Marwitz Kathryn K, Noureldin Marwa
Manchester University College of Pharmacy, Natural & Health Sciences, 10627 Diebold Road, Fort Wayne, IN 46845, United States of America.
Explor Res Clin Soc Pharm. 2022 Mar 20;5:100130. doi: 10.1016/j.rcsop.2022.100130. eCollection 2022 Mar.
In 2016, the Centers for Disease Control and Prevention (CDC) published guidelines for prescribing opioids for chronic pain in response to the opioid epidemic and recommended avoiding concomitant use of opioid and benzodiazepine medications whenever possible. However, based on a recent report, 16% of overdose deaths involving opioids also involved benzodiazepines.
The objectives of this study were to examine 1) trends in concomitant opioid and benzodiazepine usage and factors associated with utilization 2) and related adverse event reporting before and after the publication of CDC chronic pain prescribing guidelines.
This study employed a retrospective data analysis of the National Health and Nutrition Examination Survey (NHANES) and FDA Adverse Event Reporting System (FAERS) databases between 2009 and 2018. Descriptive statistics and logistic regression were used to examine characteristics and temporal trends in people taking or reporting adverse events with opioid, benzodiazepine, and both medications.

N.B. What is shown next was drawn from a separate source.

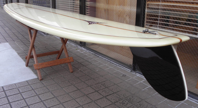 OWL SURFBOARDSのクラシックなPIGのユーズドボードが入荷しました。きれいなアウトラインでかっこいいです。レッドウッドのストリンガーにグラスオンされたDフィン。正しいピグです。自分で乗りたいです 笑。

Among those taking an opioid medication, 19.7% were also taking a benzodiazepine within the same 30 days. Characteristics for those who reported taking both medications together include being female, non-Hispanic White, being middle aged, and having a lower household income. Concomitant medication use rose between 2009 and 2016 and declined in 2017-2018. Among FAERS reports examined with an opioid suspect medication, 17.9% also included a benzodiazepine suspect medication. Over time, there was an increase in identified FAERS reports involving concomitant opioid and benzodiazepine medications.

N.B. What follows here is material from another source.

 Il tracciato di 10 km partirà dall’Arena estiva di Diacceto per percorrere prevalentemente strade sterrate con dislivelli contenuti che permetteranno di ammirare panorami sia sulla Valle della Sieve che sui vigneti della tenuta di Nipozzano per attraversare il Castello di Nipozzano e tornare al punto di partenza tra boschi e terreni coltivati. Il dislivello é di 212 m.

Concomitant opioid and benzodiazepine use was detected in a small but notable proportion of NHANES survey participants and FAERS reports between 2009 and 2018. Further research examining causal associations between opioids, benzodiazepines, and identified social risk factors are needed to inform prescribing and to best tailor public health interventions to address physical and mental illness safely and effectively across the population.
2016年,美国疾病控制与预防中心(CDC)发布了针对慢性疼痛开具阿片类药物的指南,以应对阿片类药物泛滥问题,并建议尽可能避免同时使用阿片类药物和苯二氮䓬类药物。然而,根据最近一份报告,16%的涉及阿片类药物的过量死亡案例也涉及苯二氮䓬类药物。

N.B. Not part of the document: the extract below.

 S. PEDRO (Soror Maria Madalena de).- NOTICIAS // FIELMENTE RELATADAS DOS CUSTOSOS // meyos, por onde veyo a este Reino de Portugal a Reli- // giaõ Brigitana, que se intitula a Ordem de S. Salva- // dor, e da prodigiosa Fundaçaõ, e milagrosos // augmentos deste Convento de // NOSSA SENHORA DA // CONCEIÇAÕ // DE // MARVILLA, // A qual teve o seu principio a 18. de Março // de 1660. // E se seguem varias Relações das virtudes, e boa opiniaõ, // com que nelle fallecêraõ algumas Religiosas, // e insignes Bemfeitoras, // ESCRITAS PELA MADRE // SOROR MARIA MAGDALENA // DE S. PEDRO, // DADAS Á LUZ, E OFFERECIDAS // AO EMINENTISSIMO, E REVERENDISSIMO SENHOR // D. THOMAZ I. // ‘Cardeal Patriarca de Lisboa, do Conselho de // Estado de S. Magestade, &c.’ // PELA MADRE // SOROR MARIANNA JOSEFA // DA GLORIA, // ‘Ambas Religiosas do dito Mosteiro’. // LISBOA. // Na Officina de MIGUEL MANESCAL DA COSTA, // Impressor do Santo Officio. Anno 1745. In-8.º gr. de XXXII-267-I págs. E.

本研究的目的是调查1)阿片类药物和苯二氮䓬类药物联合使用的趋势以及与使用相关的因素,2)以及CDC慢性疼痛处方指南发布前后相关不良事件的报告情况。
本研究对2009年至2018年期间的美国国家健康与营养检查调查(NHANES)和美国食品药品监督管理局不良事件报告系统(FAERS)数据库进行了回顾性数据分析。描述性统计和逻辑回归用于研究服用或报告使用阿片类药物、苯二氮䓬类药物以及两种药物的不良事件的人群的特征和时间趋势。
在服用阿片类药物的人群中,19.7%的人在同一30天内也服用了苯二氮䓬类药物。报告同时服用这两种药物的人群特征包括女性、非西班牙裔白人、中年以及家庭收入较低。联合用药在2009年至2016年期间有所上升,在2017 - 2018年有所下降。在接受检查的FAERS报告中,涉及阿片类可疑药物的报告中,17.9%也包括苯二氮䓬类可疑药物。随着时间的推移,涉及阿片类药物和苯二氮䓬类药物联合使用的FAERS报告有所增加。
在2009年至2018年期间的NHANES调查参与者和FAERS报告中,发现了一小部分但值得注意的阿片类药物和苯二氮䓬类药物联合使用的情况。需要进一步研究阿片类药物、苯二氮䓬类药物与已确定的社会风险因素之间的因果关系,以便为处方提供信息,并最好地调整公共卫生干预措施,以安全有效地应对整个人口中的身体和精神疾病。